Перстень Левеншельдов (сборник) - Страница 123


К оглавлению

123

— А ведь Экебю горит! — сказала она и засмеялась.

Кевенхюллер поднял кувалду и хотел было швырнуть ее в голову лесовицы, но увидел, что она держит в руке его огненное колесо.

— Видишь, я спасла его для тебя! — сказала она.

Кевенхюллер упал перед ней на колени.

— Ты разбила мой экипаж, сломала мои крылья, искалечила мою жизнь. Будь милостива, сжалься надо мною!

Она уселась на верстак, все такая же молодая и лукавая, какой он увидел ее в первый раз на карлстадской площади.

— Я вижу, тебе ведомо, кто я такая.

— Я знаю, кто ты, и всегда знал, — ответил несчастный, — ты — гений вдохновения. Но дай мне свободу! Отними у меня свой дар! Я не хочу больше творить чудеса! Хочу стать таким, как все люди! Зачем ты преследуешь меня! О, зачем ты преследуешь меня?

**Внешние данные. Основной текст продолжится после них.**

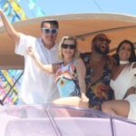 Quem também marcou presença no primeiro dia do ano, em uma simples embarcação e sem glamour foi Boni, Boninho e Ana Furtado.
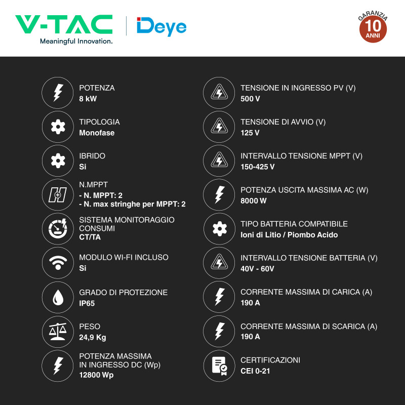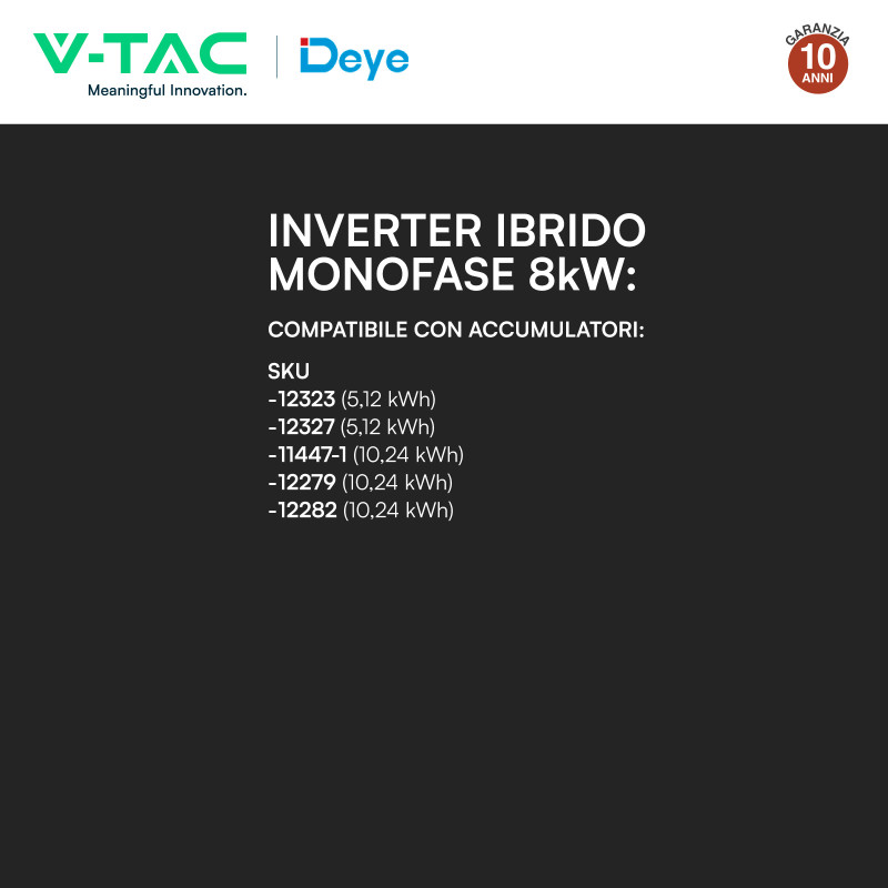 Immagine 1 - V-Tac Deye Inverter Monofase Ibrido On-Grid / Off-Grid 8kW IP65 Garanzia 10 Anni CEI 0-21 Display LCD - SKU 12310 Immagine 2 - V-Tac Deye Inverter Monofase Ibrido On-Grid / Off-Grid 8kW IP65 Garanzia 10 Anni CEI 0-21 Display LCD - SKU 12310 Immagine 3 - V-Tac Deye Inverter Monofase Ibrido On-Grid / Off-Grid 8kW IP65 Garanzia 10 Anni CEI 0-21 Display LCD - SKU 12310 Immagine 4 - V-Tac Deye Inverter Monofase Ibrido On-Grid / Off-Grid 8kW IP65 Garanzia 10 Anni CEI 0-21 Display LCD - SKU 12310 Immagine 5 - V-Tac Deye Inverter Monofase Ibrido On-Grid / Off-Grid 8kW IP65 Garanzia 10 Anni CEI 0-21 Display LCD - SKU 12310 Immagine 6 - V-Tac Deye Inverter Monofase Ibrido On-Grid / Off-Grid 8kW IP65 Garanzia 10 Anni CEI 0-21 Display LCD - SKU 12310 Immagine 7 - V-Tac Deye Inverter Monofase Ibrido On-Grid / Off-Grid 8kW IP65 Garanzia 10 Anni CEI 0-21 Display LCD - SKU 12310 Immagine 8 - V-Tac Deye Inverter Monofase Ibrido On-Grid / Off-Grid 8kW IP65 Garanzia 10 Anni CEI 0-21 Display LCD - SKU 12310

— Безумец! — воскликнула лесовица. — Я никогда не желала тебе зла. Я щедро одарила тебя, но могу отнять свой дар, если ты этого хочешь. Но подумай хорошенько! Не пришлось бы после раскаяться.

— Нет, нет! — крикнул он. — Отбери у меня чудодейственную силу!

— Сначала ты должен уничтожить вот это, — ответила она и бросила ему под ноги огненное колесо.

Без колебаний он ударил кувалдой по сверкающему огненному колесу, ведь это было всего лишь мерзкое бесовское творение, раз оно не могло приносить пользу людям. Искры взвились к потолку, языки пламени заплясали вокруг него, и вот последняя из его чудесных машин превратилась в груду обломков.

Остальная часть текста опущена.